A group of international scientists from a Child Consortium (PCGC) has identified 60 key genes, mutations that significantly increased the risk of congenital heart defects (VPS). The study was published scientifically magazine National Academy of Sciences (PNA) procedures.
Experts analyzed the data of more than 11,000 patients and found that approximately 60% of VPS cases were associated with mutations in 60 gends, and half of them had a specific connection with certain types of pathologies.
It was also known that 5% of mutations were clinically transmitted from healthy parents, which explains the family cases of VPs in the absence of the symptoms of the old generation.
In families where both parents are carriers of recessive mutations, the risk of VPS in a child increases seven times.
In addition, more than half of the genes from the list (37) are associated with other disorders of autism and the development of the nervous system.
According to researchers, discovery can improve early scanning of children with VP. The genetic test of newborns will define the accompanying risks (eg arrhythmias or autism) until the emergence of symptoms.

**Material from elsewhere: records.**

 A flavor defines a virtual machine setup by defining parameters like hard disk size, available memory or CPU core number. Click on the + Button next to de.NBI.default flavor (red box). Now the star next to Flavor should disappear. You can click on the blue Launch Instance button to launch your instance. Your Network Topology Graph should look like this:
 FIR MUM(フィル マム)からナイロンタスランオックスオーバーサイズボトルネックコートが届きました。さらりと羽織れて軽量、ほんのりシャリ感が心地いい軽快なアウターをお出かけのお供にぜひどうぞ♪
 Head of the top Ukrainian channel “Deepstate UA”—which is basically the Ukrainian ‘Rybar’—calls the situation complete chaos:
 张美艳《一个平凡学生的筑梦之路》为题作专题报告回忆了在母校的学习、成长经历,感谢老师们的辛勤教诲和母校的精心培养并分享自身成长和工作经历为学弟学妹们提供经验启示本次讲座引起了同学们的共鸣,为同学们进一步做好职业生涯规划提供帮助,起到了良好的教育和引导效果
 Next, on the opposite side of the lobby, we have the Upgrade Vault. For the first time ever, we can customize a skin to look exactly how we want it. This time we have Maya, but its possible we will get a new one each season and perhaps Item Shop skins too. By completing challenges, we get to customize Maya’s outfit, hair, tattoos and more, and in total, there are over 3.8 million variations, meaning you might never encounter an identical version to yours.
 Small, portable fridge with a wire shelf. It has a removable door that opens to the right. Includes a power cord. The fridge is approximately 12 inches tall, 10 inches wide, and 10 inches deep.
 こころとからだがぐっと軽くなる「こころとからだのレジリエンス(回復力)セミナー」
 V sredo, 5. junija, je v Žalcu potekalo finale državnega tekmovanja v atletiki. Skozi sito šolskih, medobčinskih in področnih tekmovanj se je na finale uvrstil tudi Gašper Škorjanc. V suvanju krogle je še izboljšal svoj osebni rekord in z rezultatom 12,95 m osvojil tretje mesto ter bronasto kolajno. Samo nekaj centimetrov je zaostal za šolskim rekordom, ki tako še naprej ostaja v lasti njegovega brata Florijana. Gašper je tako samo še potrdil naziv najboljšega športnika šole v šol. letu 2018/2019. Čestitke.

Scientists emphasize that 10 of 60 genes participate in the modification of chromatin, a process that regulates the activity of other genes. This paves new ways for the therapy for epigenetic correction.
Previously, researchers learnedChildren born in front of the program are less active in adult age.
What are you thinking?
Source: Gazeta
Barbara Dickson is a seasoned writer for “Social Bites”. She keeps readers informed on the latest news and trends, providing in-depth coverage and analysis on a variety of topics.